Household savings rate negative
The most recent Reserve Bank data shows a household saving rate of -0.7%, or -$876 million, in 2015. Meanwhile, the household debt-to-disposable-income ratio is now at a record high of 167%.
The International Monetary Fund recently suggested the Government ought to make changes so that the ring-fencing of tax losses on housing investments could only be applied against housing income and not all income.
"The incentives for buying real estate increase when real estate investors can write off interest payments against their other taxable income," the IMF says. "This ‘negative gearing’ encourages investment that would otherwise be loss making, and thereby acts as an amplifier of price movements in the real estate market. Ring-fencing housing losses to within real estate earnings would therefore weaken an important price driver."
Through its 2015 Budget the Government introduced a so-called bright line test to tax gains from residential property investments sold within two years of purchase. In addition to this capital gains can be taxed in specific cases, as detailed by EY's Aaron Quintal here.

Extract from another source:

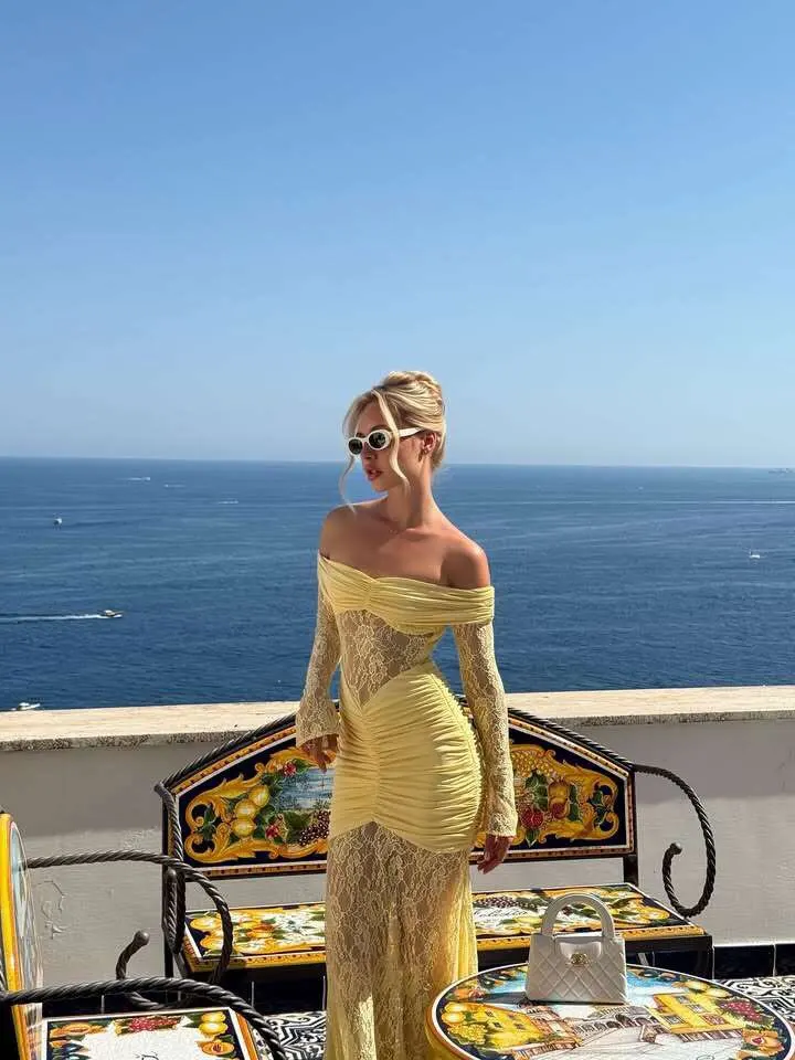 Fiolana is your statement silhouette for elevated eveningwear. Designed with an off-shoulder neckline and sheer long sleeves, this ruched lace bodycon maxi dress blends sculpted detail with delicate texture. The body is cinched with gathered panels that contour the waist and hips, falling into a sheer lace hem that adds fluid movement to every step. A standout choice for formal events, luxury parties, or as an elegant wedding guest dress, this occasion gown balances femininity with drama.

However, calls for the introduction of a comprehensive capital gains tax continue from others aside from Bagrie, including from interest.co.nz contributor Terry Baucher here.
Seven ways to boost household savings
Bagrie and his colleagues have listed seven potential ways New Zealand's household savings could be improved.
1. Stronger income growth. This is the obvious fix. But it is easier said than done, of course. A decent terms of trade outlook certainly helps, but the productivity story is not signalling much in the way of prospects for a decent lift in real wage growth. Education needs to be more of a focal point, but the pay-offs there are of the long-term variety.
2. Households lift saving of their own accord. That is possible, but arguably unlikely based on historical experience. The tendency remains to ‘save’ via the house.
3. More money is put in the back pocket. Tax cuts (driving more incentive to work and get ahead) or additional welfare payments could help, but we have to be mindful that sometimes this is just redistributing income, not creating it. You need to drive the right behaviours, which is why using tax policy is favoured. But if it just means an equivalent drop in government saving, then it won’t lift aggregate saving.
4. Well-targeted social investment. Improved prospects for the vulnerable mean the same for incomes, and higher incomes lift the ability to save. Some levers are being pulled but this is a multi-decade long investment.
5. Make it cheaper to live. New Zealand is not a cheap place to live, particularly housing-wise. The weekly wage gets whittled away pretty quickly. Construction costs are a problem. Local authority rates move up faster than inflation. Thankfully the electricity sector is functioning a lot better than it once was.
6. Interest rates rise. That is already happening given the funding pressures banks face, but if domestic saving doesn’t lift enough to meet our investment needs, then interest rates will need to keep rising until they do. That’s bad for the investment side of the equation.
7. There is a more proactive push on the policy front. This is something that we think is increasingly going to be necessary to drive the desired outcomes. And without getting into details, it is going to require the playing field between housing and other investments to even up. We have the new bright-line test but that doesn’t go far enough. Some tough, but necessary, discussions are in store.